BEGIN Given data

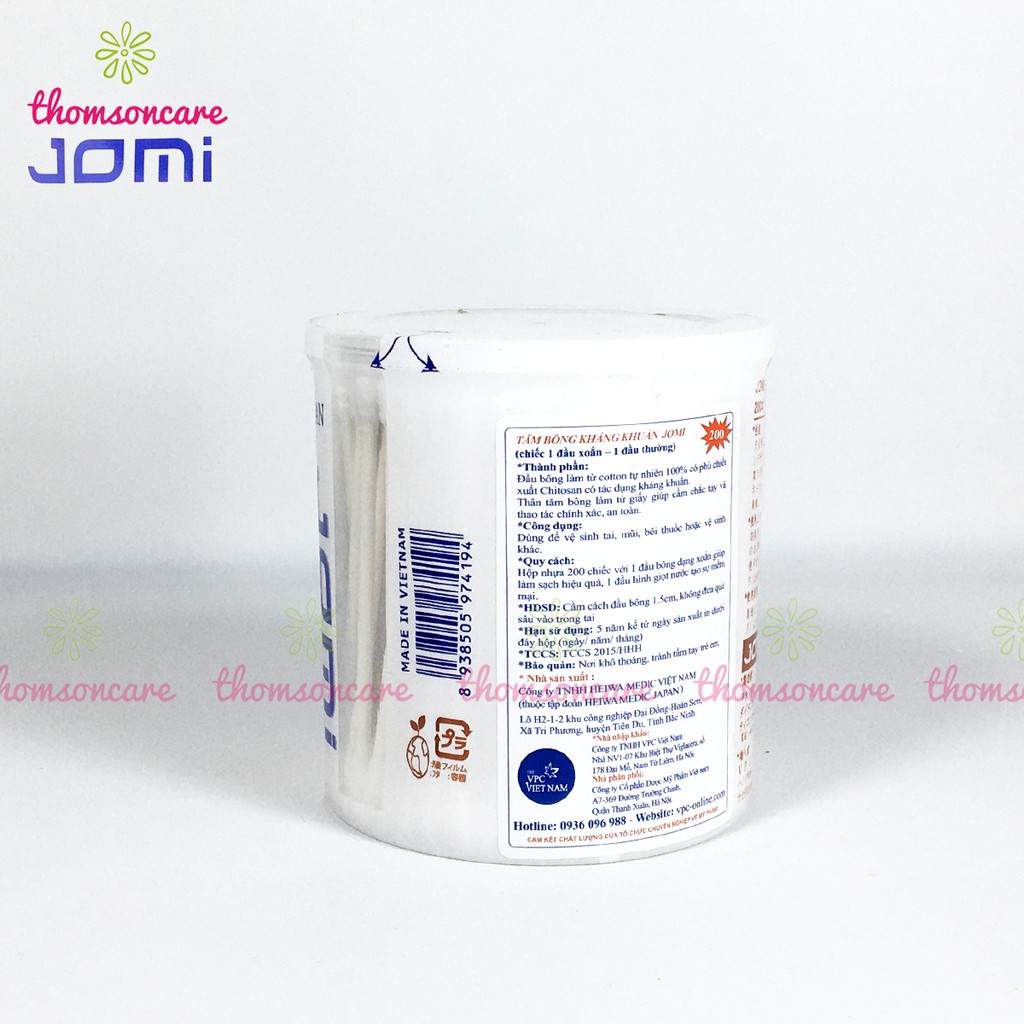 Tăm bông kháng khuẩn Jomi với đầu bông làm từ cotton tự nhiên 100% phủ chiết xuất Chitosan có tác dụng kháng khuẩn, thân tăm bông làm từ giấy giúp cầm chắc tay và thao tác chính xác, an toàn. Thiết kế hộp tăm bông đẹp mắt, tiện lợi, có thể sử dụng trong nhiều trường hợp như vệ sinh tai, mũi…
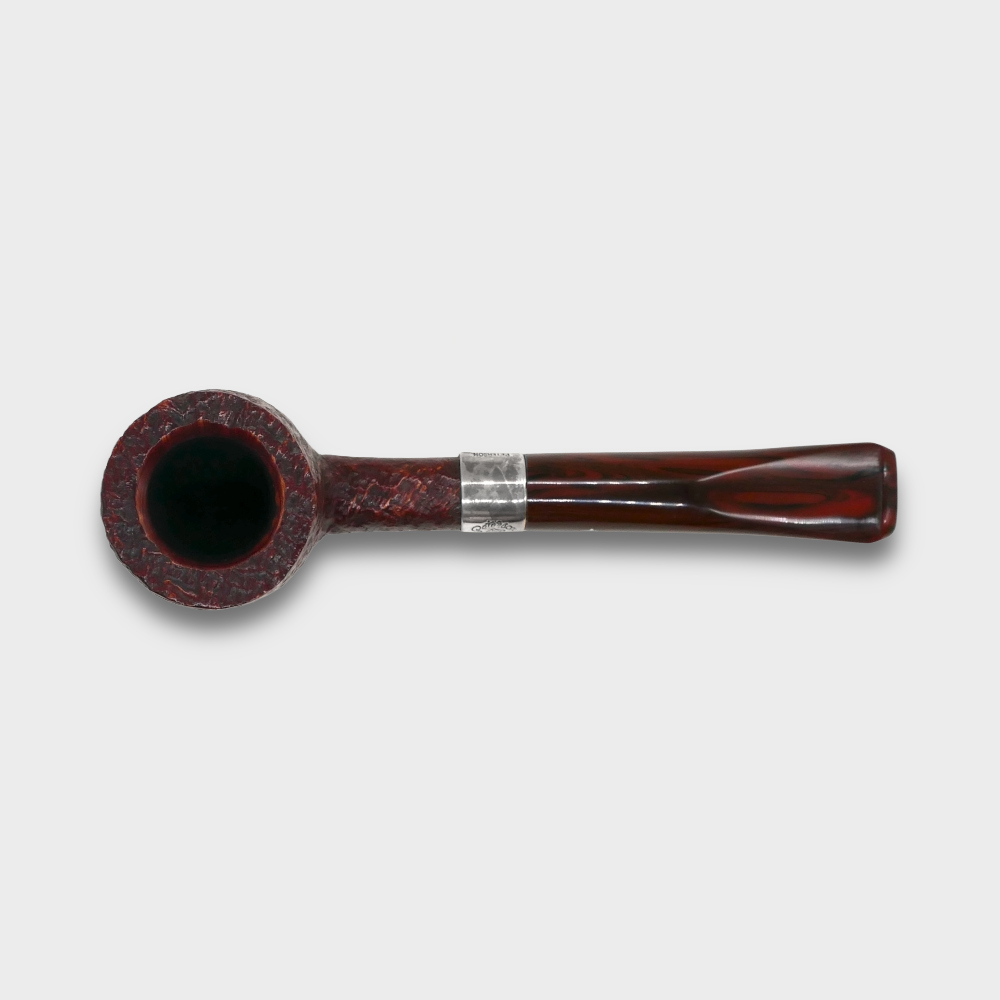 The Peterson Harp pipe is a rich dark brown colour, beautifully set off by a Cumberland Fishtail mouthpiece. Each pipe is silver mounted with a harp, the symbol of Ireland, stamped on the mount, which also has the legend 'Peterson of Dublin, Irish Harp'.
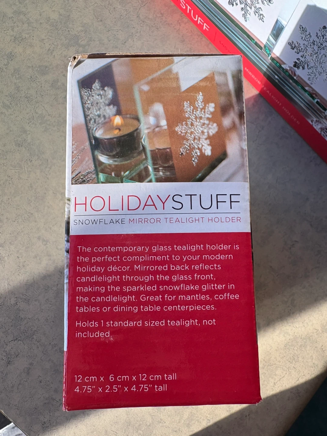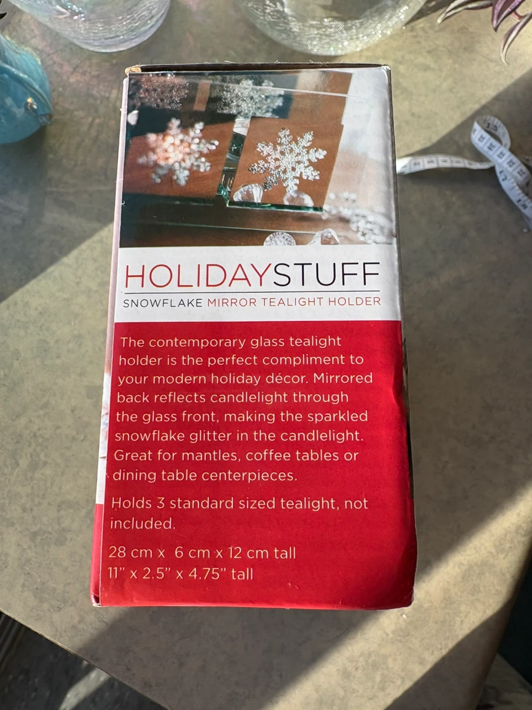 New! Selling a set of 3 Holiday Stuff snowflake mirror tealight holder! The contemporary glass tealight holder is the perfect compliment to your modern holiday decor. Mirrored back reflects candlelight through the glass front, making the sparkled snowflake glitter in the candlelight. Great for mantles, coffee tables or dining table.
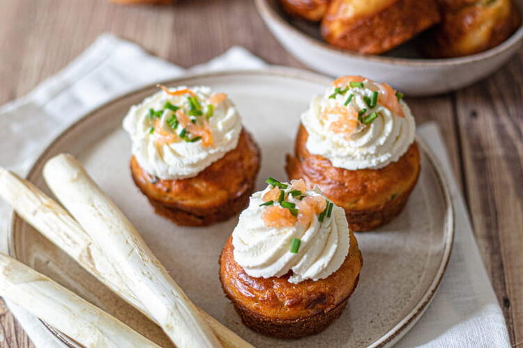 Here is a recipe for savory smoked salmon cupcakes with lemon, mascarpone whipped cream, and white asparagus, perfect for an appetizer or a starter. This recipe made with white asparagus, salmon, mascarpone, lemon, Emmental, and Parmesan is easy to make and will surprise your guests.

END Given data

What you need to do: Return the data verbatim, leaving out the pictures it holds.

Response:
 Tăm bông kháng khuẩn Jomi với đầu bông làm từ cotton tự nhiên 100% phủ chiết xuất Chitosan có tác dụng kháng khuẩn, thân tăm bông làm từ giấy giúp cầm chắc tay và thao tác chính xác, an toàn. Thiết kế hộp tăm bông đẹp mắt, tiện lợi, có thể sử dụng trong nhiều trường hợp như vệ sinh tai, mũi…
 The Peterson Harp pipe is a rich dark brown colour, beautifully set off by a Cumberland Fishtail mouthpiece. Each pipe is silver mounted with a harp, the symbol of Ireland, stamped on the mount, which also has the legend 'Peterson of Dublin, Irish Harp'.
 New! Selling a set of 3 Holiday Stuff snowflake mirror tealight holder! The contemporary glass tealight holder is the perfect compliment to your modern holiday decor. Mirrored back reflects candlelight through the glass front, making the sparkled snowflake glitter in the candlelight. Great for mantles, coffee tables or dining table.
 Here is a recipe for savory smoked salmon cupcakes with lemon, mascarpone whipped cream, and white asparagus, perfect for an appetizer or a starter. This recipe made with white asparagus, salmon, mascarpone, lemon, Emmental, and Parmesan is easy to make and will surprise your guests.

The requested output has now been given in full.